U.S. coach Chuck Daly has at his disposal the greatest arsenal of offensive and defensive weapons ever gathered on a basketball court. There are passers with 360 degrees vision like Bird (despite his creaky back), John Stockton and Magic. Chris Mullin and Jordan are excellent three-point shooters. No one in possession of his faculties and desirous of retaining them would dare drive down the lane into territory defended by Charles Barkley, Patrick Ewing and Karl Malone. Jordan and his Chicago Bulls teammate Scottie Pippen are tenacious open-court defenders. Then too there are Clyde Drexler and the Admiral, David Robinson. Twelfth man Christian Laettner will probably get a great view of all this talent mostly from the bench.

And what of the Olympic opposition?

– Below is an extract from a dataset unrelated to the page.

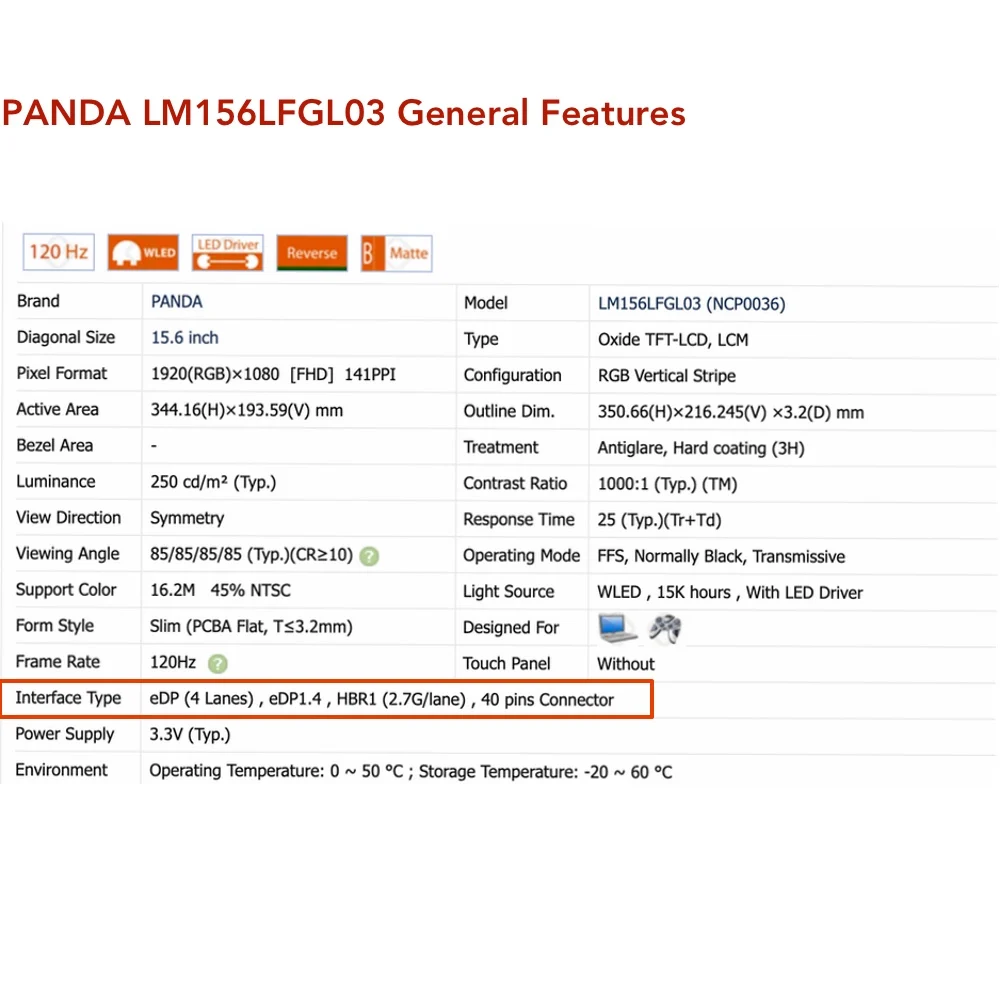 Compatible Models 04LM156LFGL02 01 N156HRA-GAA B156HAN13.0 LM156LFGL03 40 Pins

The dissolution of the Soviet Union and Yugoslavia has eviscerated the teams that won the gold and silver medals in Seoul in 1988. The best former Soviet players now wear the uniform of Lithuania. Drazen Petrovic and Vlade Divac led Yugoslavia to the silver medal at Seoul. This time, however, Yugoslavia as such has been banned from Barcelona. Petrovic, a New Jersey Net, will play for Croatia. Divac, a Los Angeles Laker and a Serb, will not be allowed to play. The Germans will be competitive; N.B.A. star Detlef Schrempf will make them so. And in Oscar Schmidt, the Brazilians have one of the game's best three-point shooters. But even if you put all these players on one squad, it would make no difference. The remaining 11 teams in the Olympic tournament will be scuffling for silver.

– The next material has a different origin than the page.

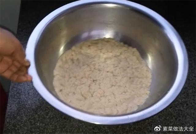 1.盆里面准备的是温水,水温大概是35度左右,里面加入适量的盐,然后一边用手搅,一边往盆里倒谷朊粉,谷朊粉是制作面筋的一种专用面粉,不想用谷朊粉的话,可以用高筋面粉洗面,一直搅着搅着,就会变稠,面筋成型后,倒掉盆里多余的水,然后盖住醒一个小时左右。

Still, American coach Daly is not known as the "prince of pessimism" for nothing. He is publicly worried that since games in the Olympics are eight minutes shorter than those in the N.B.A., his juggernaut might dawdle, fall behind and wait until it is too late to mount a rally. Hey, chill out, replies Jordan. "We have too much talent, and we'll turn it on whenever we have to." Daly frets that the three-point shooting line in international basketball is closer to the basket than in the N.B.A. and that the lane is wider, both tending to nullify the Americans' height advantage. However, after seeing how little difference these factors made in his team's 136-57 loss to the Yanks, Cuban coach Miguel Gomez seemed transported to a Zen mode. "One finger cannot cover the sun," he said.

But the dream that must give Daly the worst night sweats features a player like Butch Lee. Back in 1976, Lee was not invited to the U.S. Olympic basketball trials. Instead, he played for the team from his native Puerto Rico. Spurred by a desire for revenge over the slight he felt he had suffered at the hands of the U.S. selection committee, Lee whipsawed the Americans with the performance of his life. He scored 35 points and almost single-handedly took the highly favored U.S. team to within seconds of a humiliating loss.

In Daly's updated nightmare, the Butch Lee role is played by Lithuanian Sarunas Marciulionis, an N.B.A. star who plays for the Golden State Warriors. Daly sees Marciulionis sinking three-pointers like an automaton from 30 ft., with Lithuanian center Arvidas Sarbonis playing for one night like Bill Russell in his prime.

Maybe. All sporting contests before they are played contain an element that Princeton basketball coach Pete Carril calls "glorious uncertainty." Anything can happen, as Carril's teams have proved season after remarkable season against superior opposition. But not this superior. "This is not a great team," says Carril. "This is the greatest team ever." Don Nelson, the + shrewd and artful coach of the Golden State Warriors, whose son Donn is helping to coach Marciulionis and the Lithuanians, agrees. "The once-in-a- lifetime game is not going to happen," he says. "The Dream Team will not allow any second shots. Even if the Americans play poorly, there shouldn't be a close game. They haven't even tried yet."

When they do, is a shutout conceivable? Now there's a fantasy for the Dream Team to ponder. Sleep on it, Michael. Just don't forget to set your alarm clock.